In two days, we will have another follow up to the monotherapy data, this time with n=51.
To get around Inovio's IP for intramuscular delivery of encoded antibodies on plasmids - this would be important for a systemic anti-PD-1 for example - I think Oncosec has something very special planned. There has been movement on this front in addition to the intratumoral multigene constructs.
I don't share all my DD, but I am dropping this hint.
This is a good illustration of why single or even double agent targets do not cut it in immuno-oncology for the majority of solid tumors. There are several major obstacles that need to be overcome INTRATUMORALLY. Sometimes immunity is driven without the help of immunotherapy, and in these cases checkpoint inhibitors alone get the job done. But for the majority, immune responses are inadequate due to the various obstacles.
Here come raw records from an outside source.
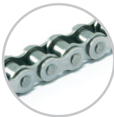
Łańcuchy ze stali nierdzewnej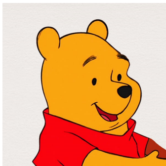
Winnie de Pooh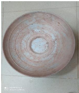
صورة رقم ( 13 أ ) توضح نموذج القالب

يتضح من صورته رقم ( 13 أ ) شكل لنموذج اعتاد الطلاب استخدامه وهو شكل "لقصه" والمستخدمه فى أعمال البناء لوضع الأسمنت بها.. كما نلاحظ بالصورة رقم ( 13 ب ) قد تم معالجة هذا النموذج حتى يتم إعادة صياغته وبالتالي قد تم من خلال التشكيل بهذا القالب هيئته خزفيه غير تقليديه وقد استخدم الطالب بطانه من أكسيد المنجنيز للتأكيد على بعض الخطوط مما أدى إلى تحقق قيم جماليه بالهيئته الخزفيه التى أصبحت غير تقليديه وتتميز بالابتكار من خلال إعادة صياغة القالب التقليدى.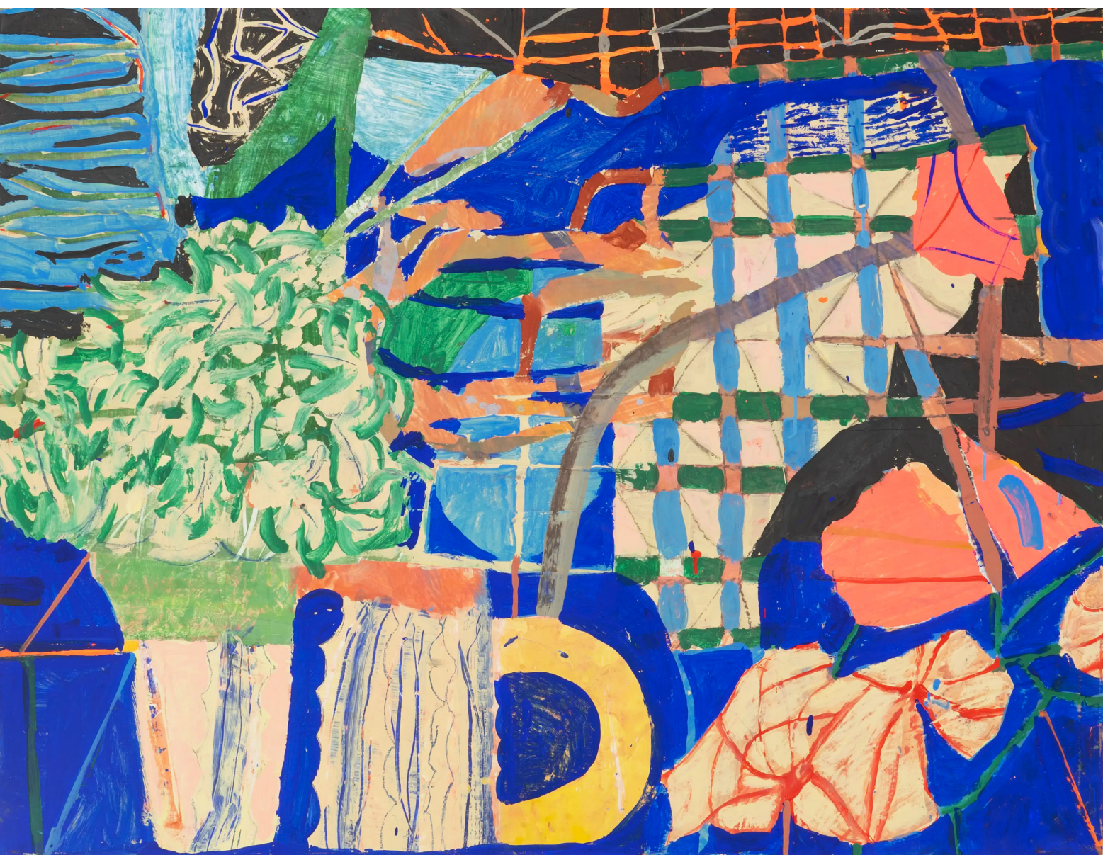
Les fleurs et la tasse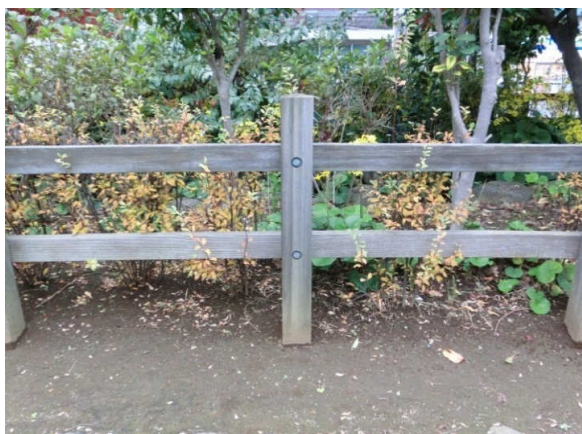
19年経過しても紫外線による退色以外は殆ど変わらない。ノーメンテナンス30年がみえてきました。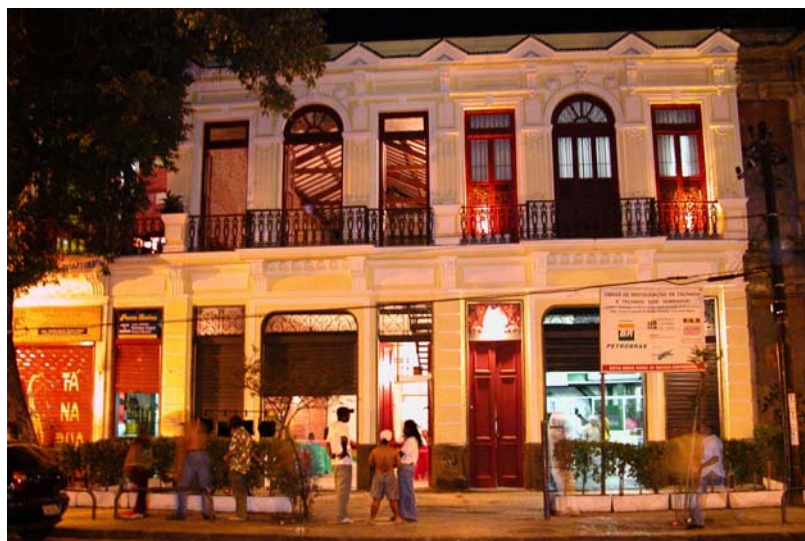
Mem de Sá 37 e 39 na noite de inauguração em 17.08.2005

No dia 17 de agosto de 2005, com uma grande festa da qual participaram grupos artísticos, como o "Tá na Rua", o "Hombu" e vários blocos afros, foram inauguradas as obras de recuperação dos sobrados que sediam a Federação de Blocos Afros e Afoxés do Estado do Rio de Janeiro e o Instituto Palmares/ Casa Brasil-Nigéria.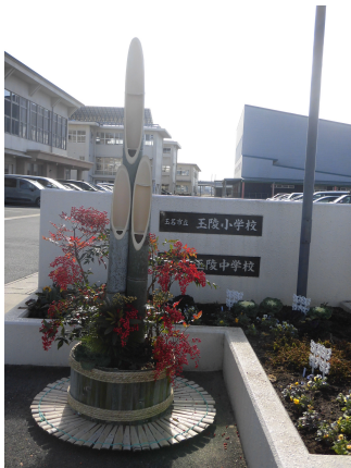
学校運営協議会の皆さん と中学校新生徒会作成

For example, you likely can't drive a strong immune response if CTLA-4 on T cells outcompetes CD28 for ligands on antigen presenting cells. Overcoming this obstacle will help T cells recognize the full repertoire of tumor antigens. This is one of the reasons why I hope the new multigene construct includes an encoded CTLA-4 antibody. I cannot think of anything more valuable to immuno-oncology than a sustained release of an intratumoral CTLA-4 antibody. Anti-PD-1 would theoretically be the only necessary systemically administered agent once the exhausted T cell phenotypes reach a certain threshold.
There are definitely paid promotions out there - this appears to be one of them:
Inovio delivers its products in a similar fashion, i.e. electroporation of genes encoded on plasmids, but here are the differences between the two:
1. Inovio administers its products systemically through muscle tissue, whereas Oncosec delivers its products intratumorally.
2. Inovio pre-selects antigens to go on the plasmids to ultimately drive vaccinations. Oncosec takes an in-situ tumor vaccination approach for cancer; this takes advantage of a tumor's full antigenic repertoire.
3. Oncosec appears to be able to deliver a suite of encoded genes on each plasmid - we'll see data on this next month - whereas Inovio is delivering mostly single antigens, sometimes two, in each product. To address all the mechanisms of tumor escape and immunity require multiple therapeutic protein expressions in the tumor microenvironment. Inovio's approach is one that is limited in terms of therapeutic scope. Oncosec is attempting to drive immunity by creating the right conditions in the presence of all potential neoantigens. In addition, Oncosec may likely be attempting to address Tregs and checkpoints as well in their multigene constructs - we will soon see if I'm correct on this.
4. Oncosec has an electroporation device that supposedly maximizes gene delivery through tissue sensing. Inovio doesn't have this technology.